A quadtree is a tree data structure in which each internal node has up
to four children. Quadtrees are most often used to partition a two
dimensional space by recursively subdividing it into four quadrants or
regions. The regions may be square or rectangular, or may have
arbitrary shapes. This data structure was named a quadtree by Raphael
Finkel and J.L. Bentley in 1974. A similar partitioning is also known
as a Q-tree. All forms of Quadtrees share some common features:

* They decompose space into adaptable cells.
* Each cell (or bucket) has a maximum capacity.
  When maximum capacity is reached, the bucket splits.
* The tree directory follows the spatial decomposition of the Quadtree.
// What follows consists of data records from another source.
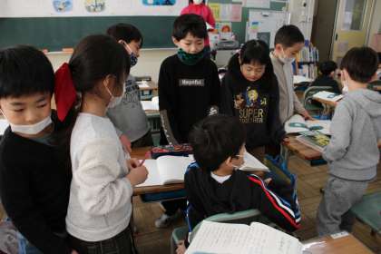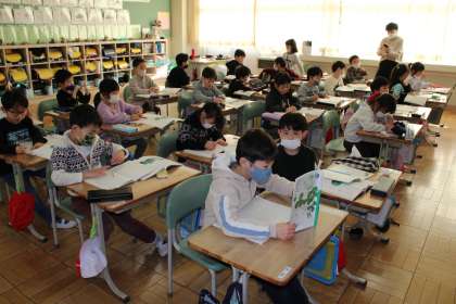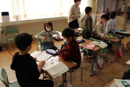 1年1組は国語です。たぬきの糸車、友達と考えを伝えあい、聴きあっています。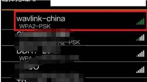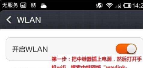 - 通电并连接信号将无线WiFi中继器插上电源,等待第二个“无线信号指示灯”亮起。打开智能手机的WiFi,搜索并连接中继器的初始信号(名称通常为wavlink-repeater)。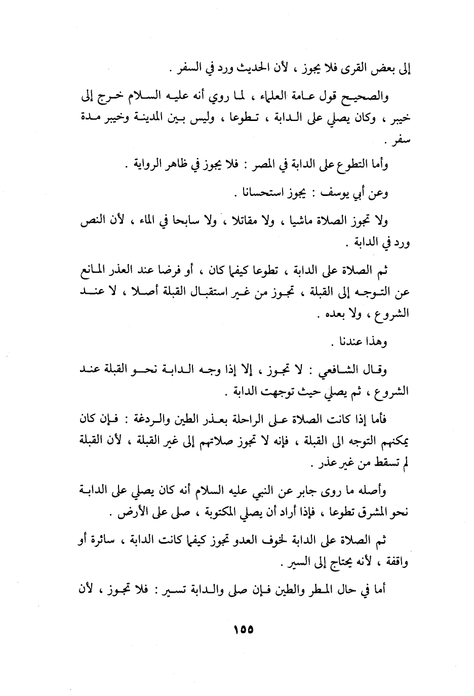 ثمَّ الصَّلَاة على الدَّابَّة تَطَوّعا كَيْفَمَا كَانَ أَو فرضا عِنْد الْعذر الْمَانِع عَن التَّوَجُّه إِلَى الْقبْلَة تجوز من غير اسْتِقْبَال الْقبْلَة أصلا لَا عِنْد الشُّرُوع وَلَا بعده
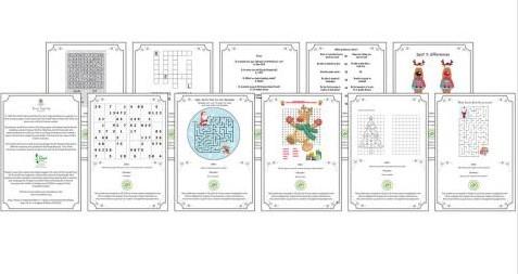 - Contains a Christmas activity scroll, as well as a paper hat and a joke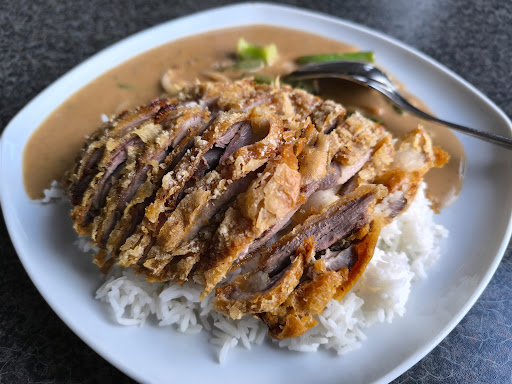 Read moreVor ein paar Tagen mal nach einem Einkauf in der Nähe Hunger bekommen, Schon lange hatte ich nicht mehr asiatische Ente gegessen. Kurz und knapp war die Begrüßung, so blieb die Konversation auch gerade mal aufs nötigste begrenzt. Ich wählte gebackene Ente mit Erdnusssoße und Reis. Ich bekam mein Essen und setzte mich in den kleinen Gastraum. Dieser könnte mal eine gründliche Renovierung gebrauchen und auch ein wenig mehr Pflege. Nun ja.... Kommen wir zum Essen: Leider muss ich feststellen, dass die Qualität etwas gelitten hat im Vergleich zu meinem letzten Besuch dort. Die Ente war zwar schön knusprig, hatte fast einen Panade-Touch aber ein wenig zu lange im Wok, dadurch etwas zu trocken vom Fleisch her. Das Gemüse in der Soße war knackig und frisch. Die Soße selbst war zwar gut im Geschmack und Konsistenz, jedoch nicht gerade warm. Der Reis war eher locker und nicht asiatypisch klebrig und leider auch nicht wirklich warm. Schade.... Trotzdem 3 Sterne - ich hab schon schlechter gegessen. Zum mitnehmen war ganz in Ordnung...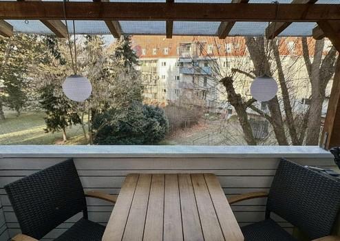 Der überdachte Balkon erweitert den Wohnraum nach außen und schafft einen geschützten Ort der Entspannung.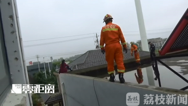 一名女子坐在楼顶的边缘,随时可能发生意外,消防员到场后,立即在下方铺设救生气垫,同时与女子进行交流,发现女子手上有一把剪刀,救援人员没有继续接近女子。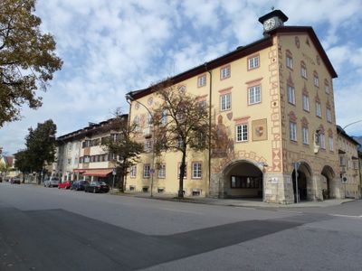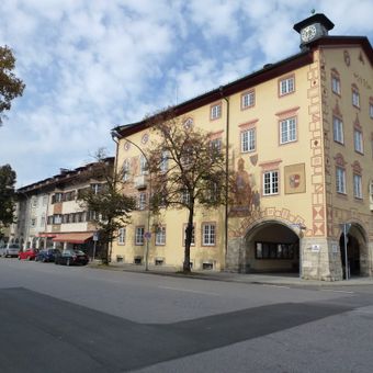 Wohn- und Geschäftshäuser, dreigeschossigen Flachsatteldachbauten im alpenländischen Heimatstil im Anschluss an das Rathaus, Teil einer nicht vollendeten Rathausplatz-Gestaltung von 1935; Fassadenbemalungen- und Stuckierungen teilsHeinrich Bickel (Erker, Nr. 2), teils von Osw

(From Wikipedia, the free encyclopedia)
"""

from __future__ import annotations

import operator
from typing import Callable, Generic, Iterable, TypeVar

from gaphas.geometry import rectangle_contains, rectangle_intersects, Rect

Bounds = Rect

T = TypeVar("T")
D = TypeVar("D")


class Quadtree(Generic[T, D]):
    """The Quad-tree.

    Rectangles use the same scheme throughout Gaphas: (x, y, width, height).

    >>> qtree = Quadtree()
    >>> for i in range(20):
    ...     qtree.add(f"{i}", ((i * 4) % 90, (i * 10) % 90, 10, 10))
    >>> len(qtree)
    20
    >>> qtree.dump() # doctest: +ELLIPSIS +NORMALIZE_WHITESPACE
     <....QuadtreeBucket object at 0x...> (0, 0, 100, 100)
       11 (44, 20, 10, 10)
       12 (48, 30, 10, 10)
       <....QuadtreeBucket object at 0x...> (0, 0, 50.0, 50.0)
         0 (0, 0, 10, 10)
         1 (4, 10, 10, 10)
         2 (8, 20, 10, 10)
         3 (12, 30, 10, 10)
         4 (16, 40, 10, 10)
         9 (36, 0, 10, 10)
         10 (40, 10, 10, 10)
       <....QuadtreeBucket object at 0x...> (50.0, 0, 50.0, 50.0)
         13 (52, 40, 10, 10)
         18 (72, 0, 10, 10)
         19 (76, 10, 10, 10)
       <....QuadtreeBucket object at 0x...> (0, 50.0, 50.0, 50.0)
         5 (20, 50, 10, 10)
         6 (24, 60, 10, 10)
         7 (28, 70, 10, 10)
         8 (32, 80, 10, 10)
       <....QuadtreeBucket object at 0x...> (50.0, 50.0, 50.0, 50.0)
         14 (56, 50, 10, 10)
         15 (60, 60, 10, 10)
         16 (64, 70, 10, 10)
         17 (68, 80, 10, 10)

    Find all items in the tree:

    >>> sorted(qtree.find_inside((0, 0, 100, 100)))
    ['0', '1', '10', '11', '12', '13', '14', '15', '16', '17', '18', '19', '2', '3', '4', '5', '6', '7', '8', '9']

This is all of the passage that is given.